Just to address the question in original post though which was to clarify how FNMS works with evidence matching I thought I’d elaborate a little:
- FNMS imports raw evidence from connected inventory sources – as this point (during import) the evidence being considered is explicit
- For each piece of incoming evidence, FNMS checks existing evidence rules:
- If no existing rules match, FNMS creates a new evidence rule with the explicit/exact details from the incoming evidence.
- If a match (or matches) is found, FNMS does not create new evidence but uses the existing evidence id’s to associate with the device it was found on.
Since you have noted that the matchcount of the wildcarded and explicit evidence entries are the same I would say that the wildcard covers a ‘superset’ of the explicit one – hence there is no differences such as embedded spaces etc. That’s why I think the sequencing was that the explicit one was created first, then a subsequent ARL update caused the wildcarded one to be added.
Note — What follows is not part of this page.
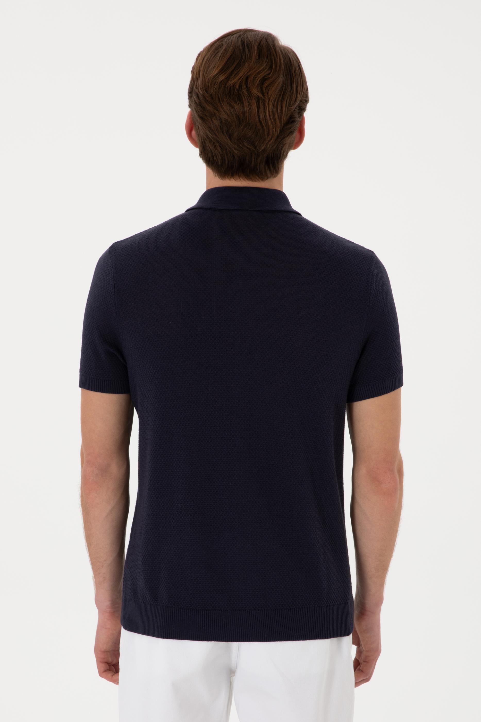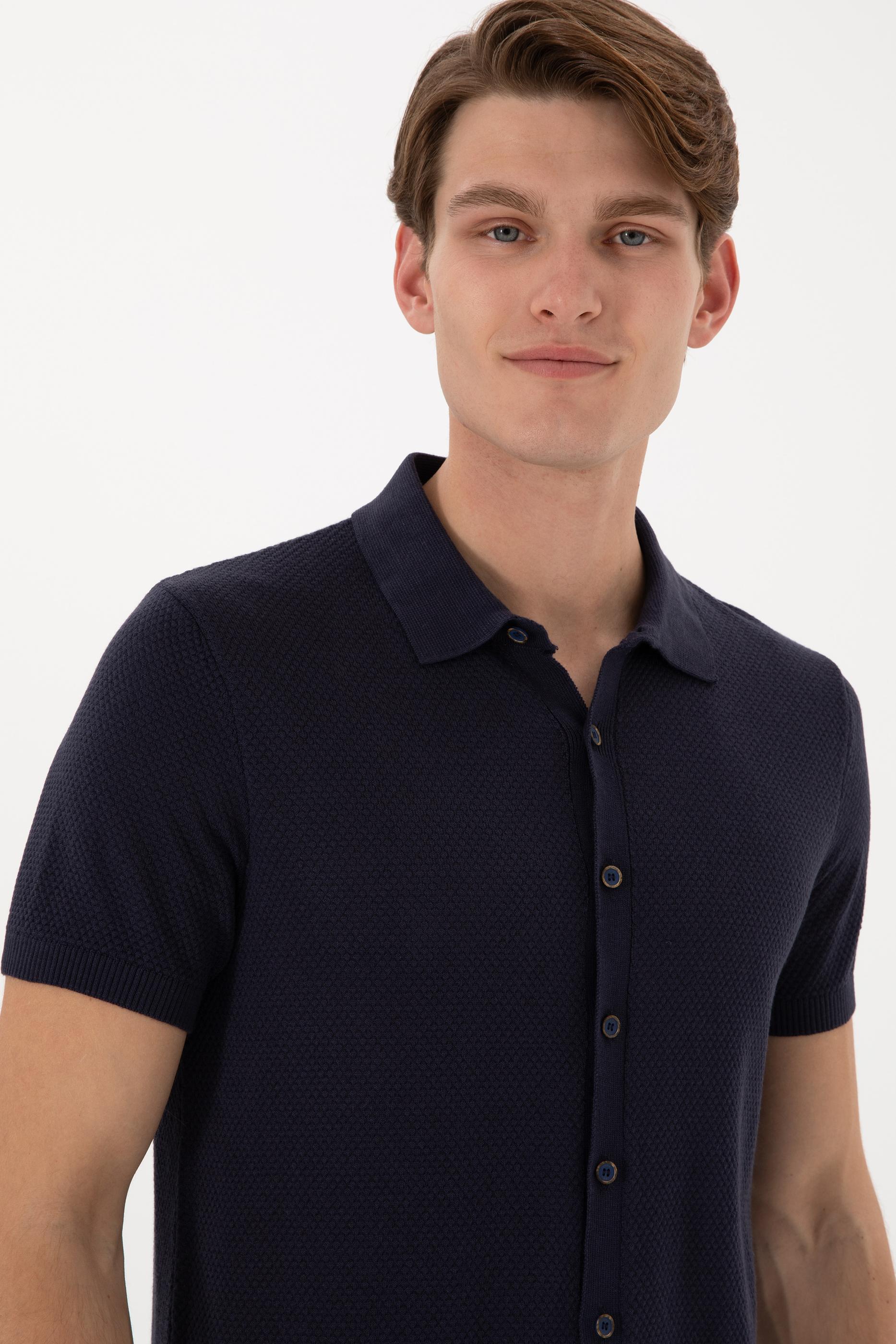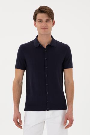 Erkek Regular Fit Lacivert Düğmeli Triko Tişört

When this situation occurs (a wildcard entry overlaps an explicit one) it is worth reviewing these and ensuring they link to the same application, but in general it is usually safe to delete the explicit entry and allow the wildcarded one to be used. During the next inventory import (MatchARL steps), the evidence steps above get done again and FNMS should see that the wildcard entry now applies and not create the additional explicit one.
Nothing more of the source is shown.